Wednesday, February 18, 2015

CRAZY PEOPLE

February 18, 2015:

          An op-ed piece in today's NYTimes brings to mind once more the eleven days I spent in Hudson River Psychiatric Hospital so many years ago, checking myself in--or being checked in by a friend--in order to find out what it was like to be a mental patient. I was doing research for a book, eventually called Reality Police, on the mental health system and no one at the hospital knew about my deception. They thought I was a real patient. I wasn't. I was taking notes. My friend told the admitting doctor that he had picked me up on the road, let me stay in one of his cabins, and I had smashed a radio with an ax. I had been hearing my separated wife's voice on the radio when it wasn't turned on accusing me of things, and he had brought me in. I just sat there while he told this story and stared at the floor. They gave me a shot of thorazine and put me on a ward where I slept on a bed with sheets, and under them rubber sheets. Everybody else on that ward was a real patient.

          Eleven days. Orderlies checking your mouth after they administered the drugs to make sure you had swallowed them. Once in a while, group therapy, if you were lucky. Bad food--that goes without saying. Other patients who were in some cases weird, like the guy who walked around, never said a word, and picked things up off the floor to put in his mouth (his own turds on one occasion), another guy who, at every meal, obsessively took nine or ten slices of bread, a third who had a cassette recorder, plugged a different tape into it every thirty seconds or so, never listened to a song all the way through. Frantic energy on his part. Add that to the noise from the ward TV set, which went 24 hours a day.
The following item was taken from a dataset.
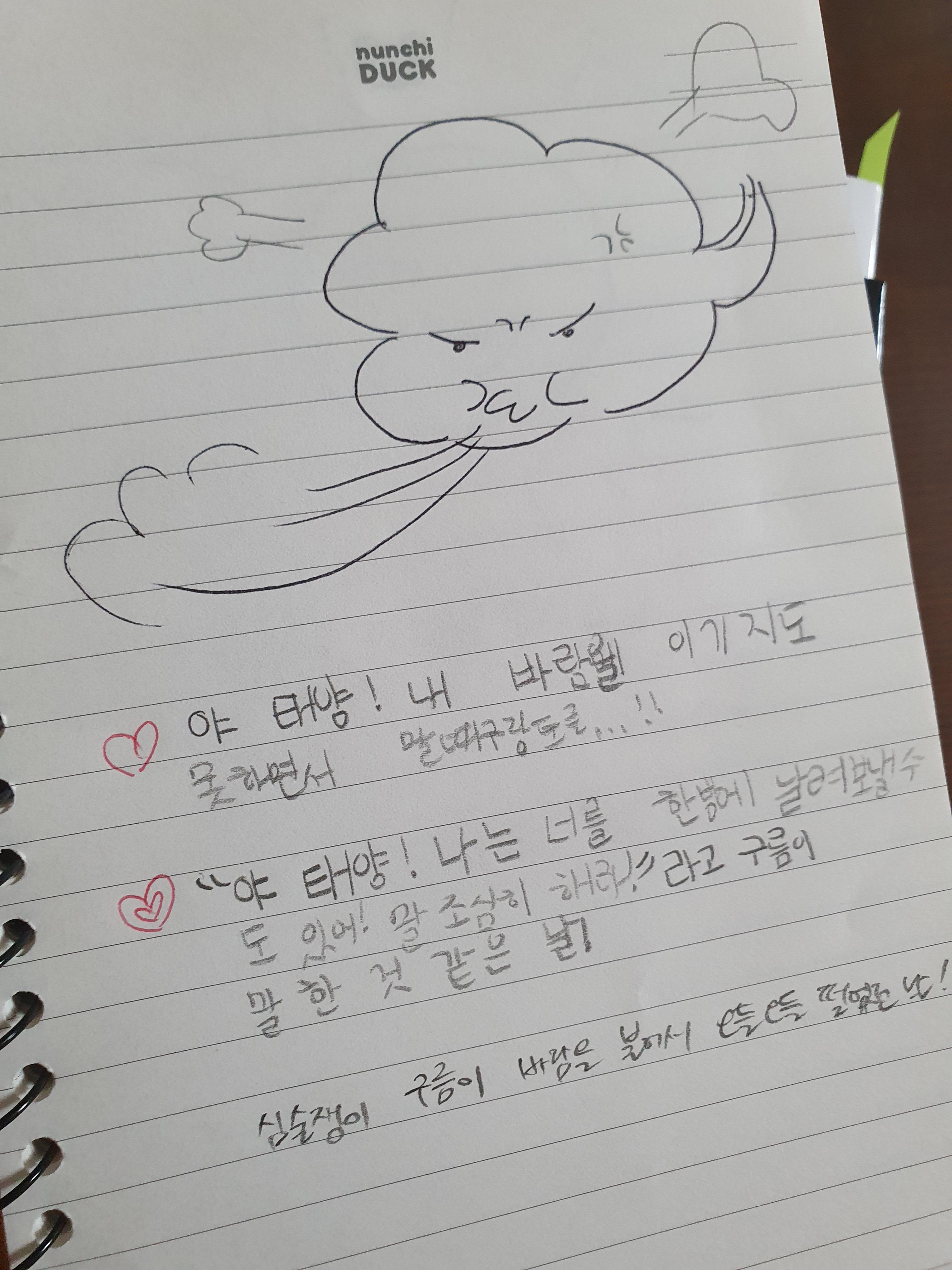 요즘은 날씨를 맑음, 흐림 등의 단어로 쓰지 않고 문장으로 표현하더라구요. 그러면서 일상의 주변을 보다 세심하게 관찰하고 표현해보는 연습을 하는 거래요. 그런데 이것도 연습이 필요하긴 해서요ㅎㅎ 아이와 날씨에 대해 그림을 그리면서 표현해봤어요. 그림은 아이의 요구사항에 따라 제가 그려준 거구요^^ 이렇게 그림을 그린걸 보더니 구름이 하는 대사만 이야기 하길래 그걸 포함해서 문장이 되도록, 다른 사람이 읽어도 어떤 상황인지 이해할 수 있도록 다시 써보기도 했어요

          And there were patients who weren't weird at all, just quiet. You talked to them, listened to their problems, and you saw that they weren't so much crazy, as far as you could make out, but just couldn't manage daily life, literally didn't know how to live. There was a pathetic air about them that was sort of touching. You felt for them. These are the ones who wound up in programs designed to teach them how to manage in the world. The one I remember is the box-making program. Cardboard boxes. Several of them were in this program, and they all knew how demeaning it was. How limited their lives were always going to be. How impossible it would be ever to be proud of themselves. It made them permanently anxious.

          The piece in the Times is by Christine Montross, a psychiatrist, and she writes about the necessity of re-opening the old giant mental hospitals, which is what Hudson River Psychiatric was, because the closing of them in the last quarter of the twentieth century merely substituted one institution for another--hospitals for jails and prisons. At the time I was writing, drugs like Thorazine were suppressing schizophrenic symptoms and making it possible for patients, once they were stabilized, to re-enter the community. The drugs had inspired the movement for community mental health centers to serve as transition facilities. But the money never really became available. The mental hospitals had always been a huge budgetary load on the states, intensified by the powerful unions that represented the people who worked in them. Once relieved of that burden, they breathed a sigh of relief and forgot the mental patients. As for the drugs, they had awful side effects, and lots of patients stopped taking them once they were free of supervision.

          And that's how things stand today. Historically, nobody has ever known what to do with, or about, the severely mentally ill, and that's still true. They are not, as the public supposes, violent, although a few are. Mostly they're just badly damaged, for reasons that remain hidden in brain chemistry, or in deep childhood, or whenever the bad luck intent on doing you in takes root in your soul. Back to the state hospitals? The Supreme Court ruled years ago that you can't confine, against their will, people who have committed no crime  unless they're a danger to themselves and others. The bulk of mental patients aren't a danger to anyone. We can't go back. And because psychiatry doesn't actually have answers, to put people in its charge is not necessarily a good thing. On that subject, you can read my book, if you can find it.

          Ah yes, my book. It never sold out its first printing. I was sued for libel. Defending myself cost me nearly $50,000. The case was ultimately thrown out, but that took nearly eight years. When it was remaindered for forty-nine cents apiece I literally could not afford to buy more than one copy. So much for muckraking. I did wind up on some television shows, but that changed nothing. According to a FB friend who has read my book and had some experience with the mental health system, nothing has changed. With much that is wrong with the world, nothing changes. For so many people, it's a bitter place.

          For my readers, by the way, I have decided to allow comments. For the first time. I can't promise that I'll post them all. Through my wife's blog I've seen how often comments are nasty and/or uninformed. Be interesting to see what, if anything, happens.

         


1 comment:

Lorraine Dusky said...

So glad I met you after you were out! it took a lot of courage to check yourself in, and I've always admired that you did. Of course, getting sued was no picnic--but that is where our paths became conjoined.